Task requirements:
Only an exact copy is wanted: the lines from the one holding "どうにか戻したいと、ちょうど大破させたバンパーを取ってたんで使用します。" through the last line below, minus the pictures.

Source records:
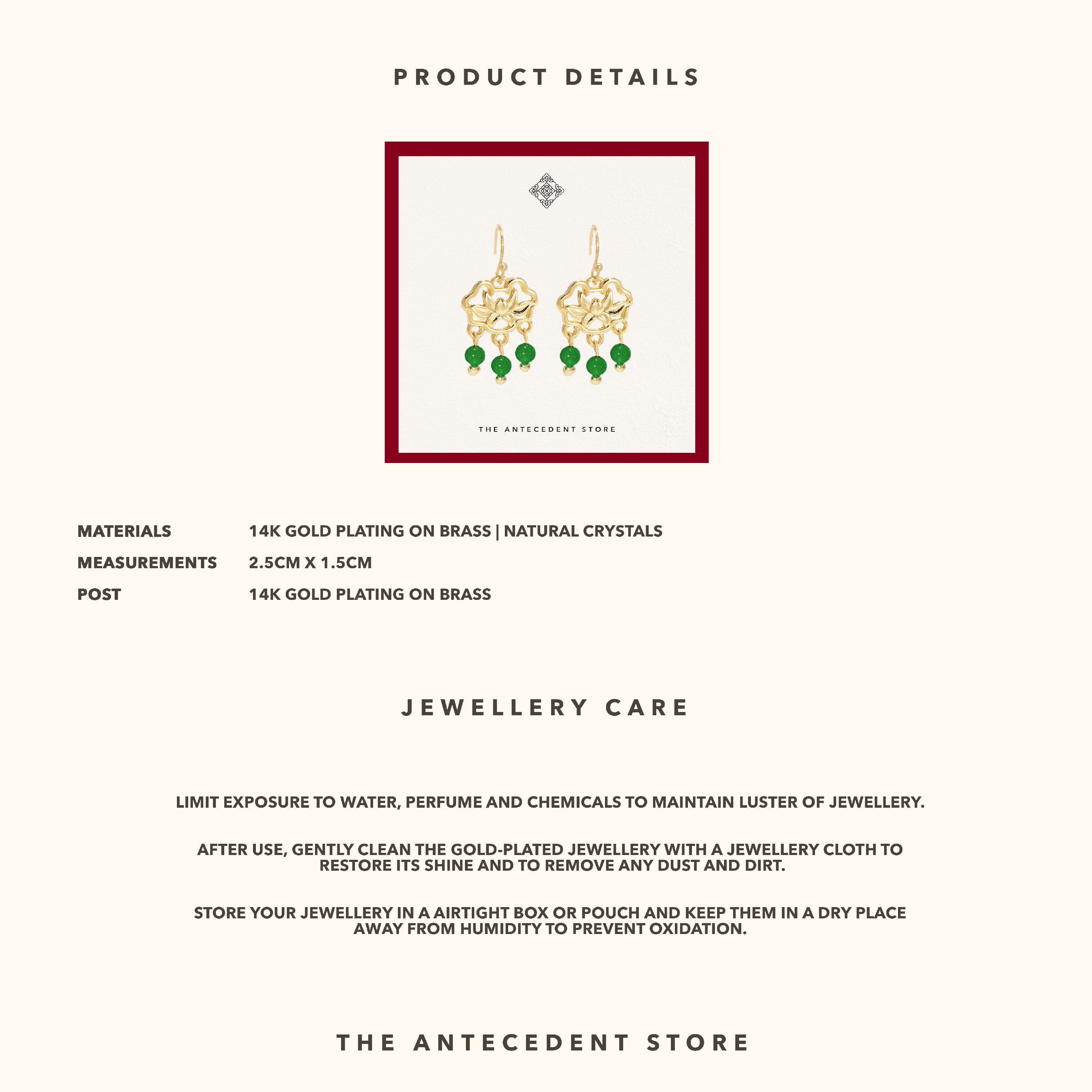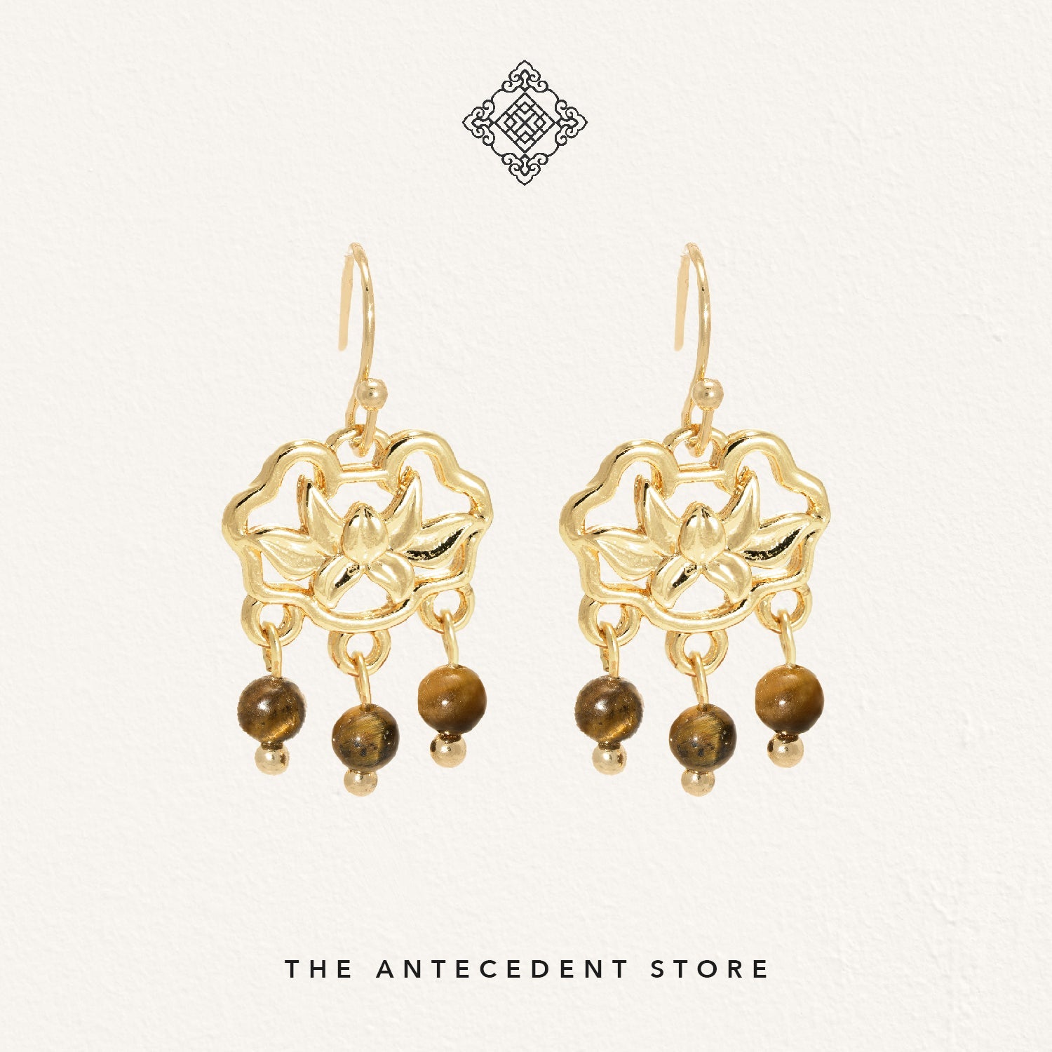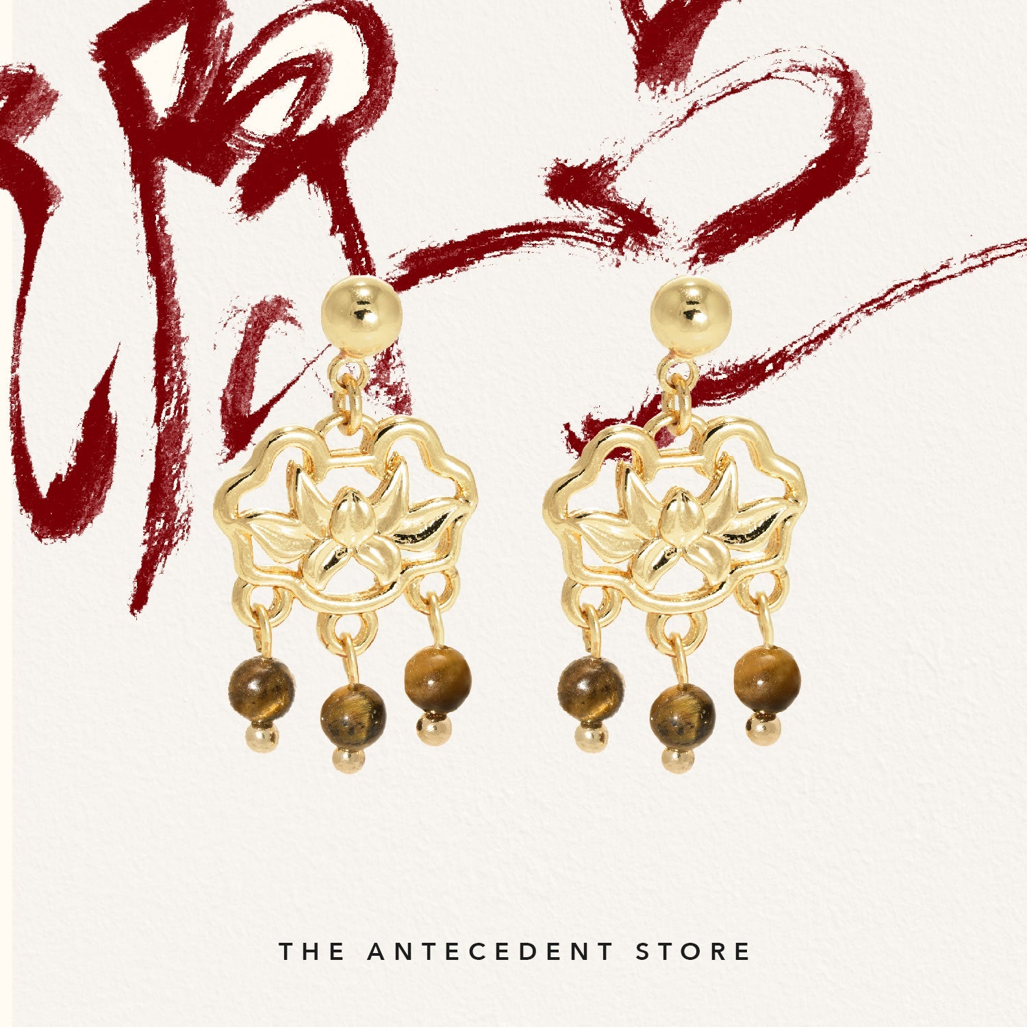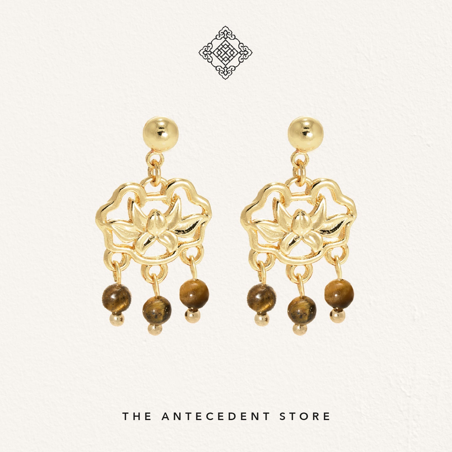 Celebrate enduring elegance with THE ANTECEDENT STORE 如意锁 Longevity Lock Earrings With Tiger Eye Crystal, featuring 14K real gold plating and a symbolic design inspired by traditional motifs of good fortune, longevity, and protection. The striking tiger eye crystal is paired with a lotus flower detail, representing purity and regeneration, making these earrings a meaningful addition to any jewellery collection.Versatile enough for both everyday wear and special occasions, these earrings complement both modern and traditional outfits. Pair them with your favourite dress or elevate a casual ensemble for a refined touch that enhances your existing accessories.
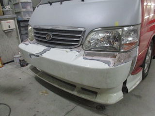 どうにか戻したいと、ちょうど大破させたバンパーを取ってたんで使用します。
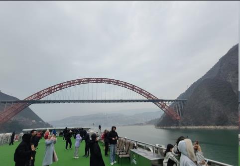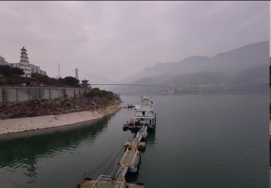 在滚滚长江中凯娜号顺流而下,行进巫峡。两岸接云连天的巍峨大山向后退去,似巨大的山水画卷徐徐延展。在冬季的长江三峡之上,更能体会到诗圣杜甫的诗句:"无边落木萧萧下,不尽长江滚滚来"的意境。
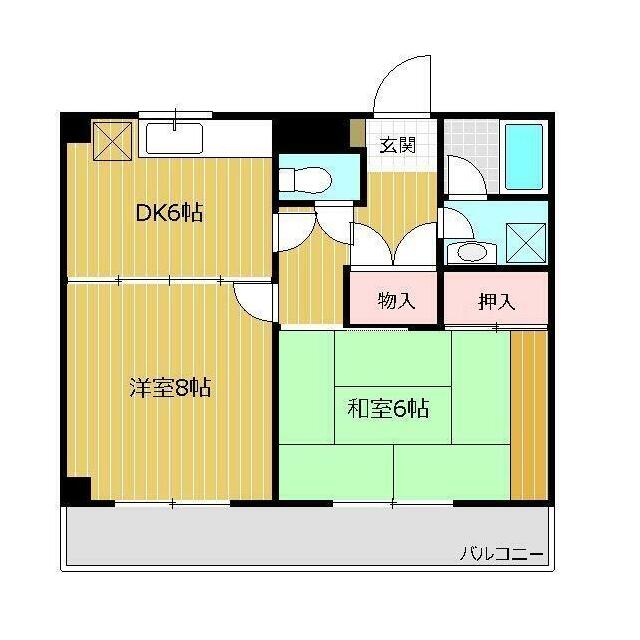 | 間取り | 2DK(DK6 洋8 和6) | 主要採光面 | 東 |
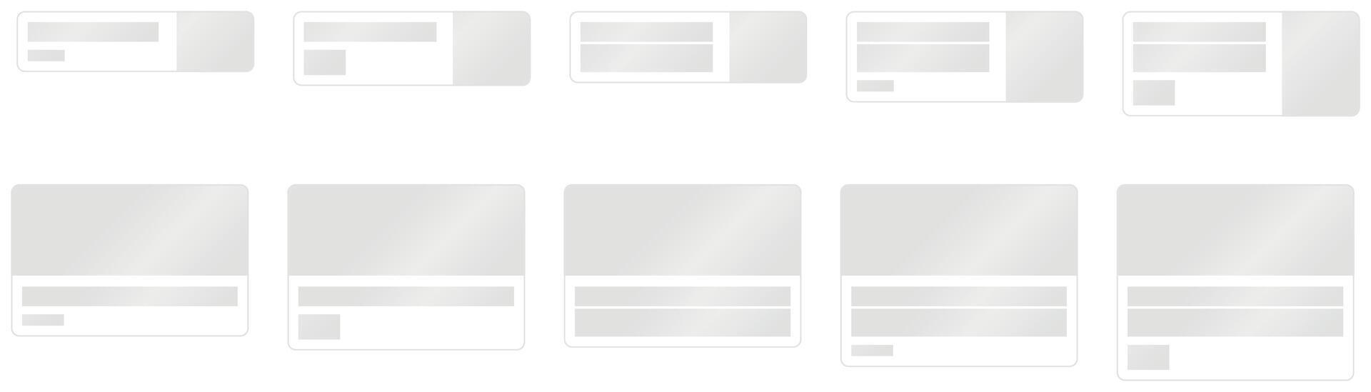set of simple flat website card templates. Landing page wireframe, company site, e-commerce store, forum, social network, gallery, hosting, blog, news portal. Material design system Pro Vector

Written solution:
 どうにか戻したいと、ちょうど大破させたバンパーを取ってたんで使用します。
 在滚滚长江中凯娜号顺流而下,行进巫峡。两岸接云连天的巍峨大山向后退去,似巨大的山水画卷徐徐延展。在冬季的长江三峡之上,更能体会到诗圣杜甫的诗句:"无边落木萧萧下,不尽长江滚滚来"的意境。
 | 間取り | 2DK(DK6 洋8 和6) | 主要採光面 | 東 |
set of simple flat website card templates. Landing page wireframe, company site, e-commerce store, forum, social network, gallery, hosting, blog, news portal. Material design system Pro Vector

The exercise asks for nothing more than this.